Title Icks

The Bush Administration targets Title IX.

In the near future, the Bush Administration's Commission on Athletic Opportunity will meet in Washington, D.C., to announce what, if any, changes should be made in Title IX, the 30-year-old law that prohibits sex discrimination at schools receiving federal aid. As with many policies emanating from this wildly popular yet often oddly un-American regime, this commission's findings are almost certain to be wrong-headed and short sighted.

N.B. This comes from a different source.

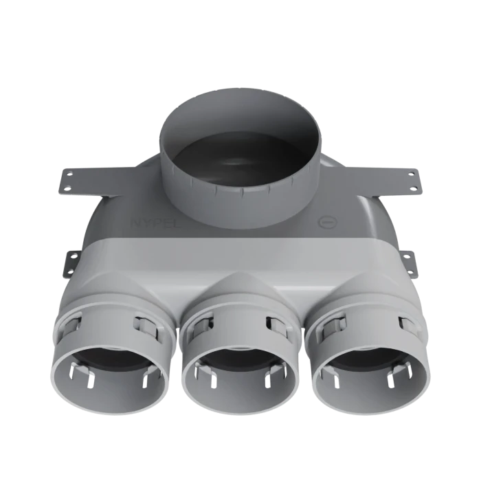 Skrzynki rozprężne PE-FLEX PP oferowane są w wersjach umożliwiających montaż systemowych przewodów wentylacyjnych PE-FLEX o średnicach zewnętrznych Ø50, Ø75 i Ø90 mm. Ilość podłączonych przewodów powinna wynikać z zapotrzebowania na ilość przepływającego powietrza, a niewykorzystane mufy przyłączeniowe mogą zostać zaślepione oryginalnymi zatyczkami PE-FLEX.

Title IX, which has done more to effect positive changes in the American social landscape than any legislation since the ratification of Constitutional Amendments 13-15, has been a spectacular success. It has helped change the way America's girls look at and think about themselves. It has opened the doors to college for hundreds of thousands of women who might otherwise not have been able to go. Even at the UA, of the three big J's who dominated the athletic scene in 2002, both basketball's Jason Gardner and football's Jason Johnson were both overshadowed in popularity and athletic accomplishment by Jennie Finch.

Unfortunately, Title IX has also threatened the tenuous manhood of some of America's not-yet-grown-up boys and therein lies the proposed seed of its destruction. Girls playing ball and getting college scholarships?! What are they going to want next, the right to vote?

One of the flaws (and, at the same time, one of the great strengths) of the American way of governing is that sometimes laws have a short shelf life. But we also have a way of making legislative and judicial corrections and righting old wrongs. That having been said, Title IX, despite its critics (who generally fall into the category of either sports-talk lunkhead or mistreated male minor-sport whiner), isn't broken and therefore doesn't need fixing.

It's not really clear why George W. Bush has such a hatred for Title IX. He doesn't appear to ever have been particularly athletic himself and the schools that his Daddy bought his way into don't even give athletic scholarships. Bush has been attacking Title IX for quite some time. (Although he probably initially referred to it as "Title icks.") He even blasted it while he was campaigning for president, perhaps to draw attention away from the fact that he didn't know the capital of Pakistan.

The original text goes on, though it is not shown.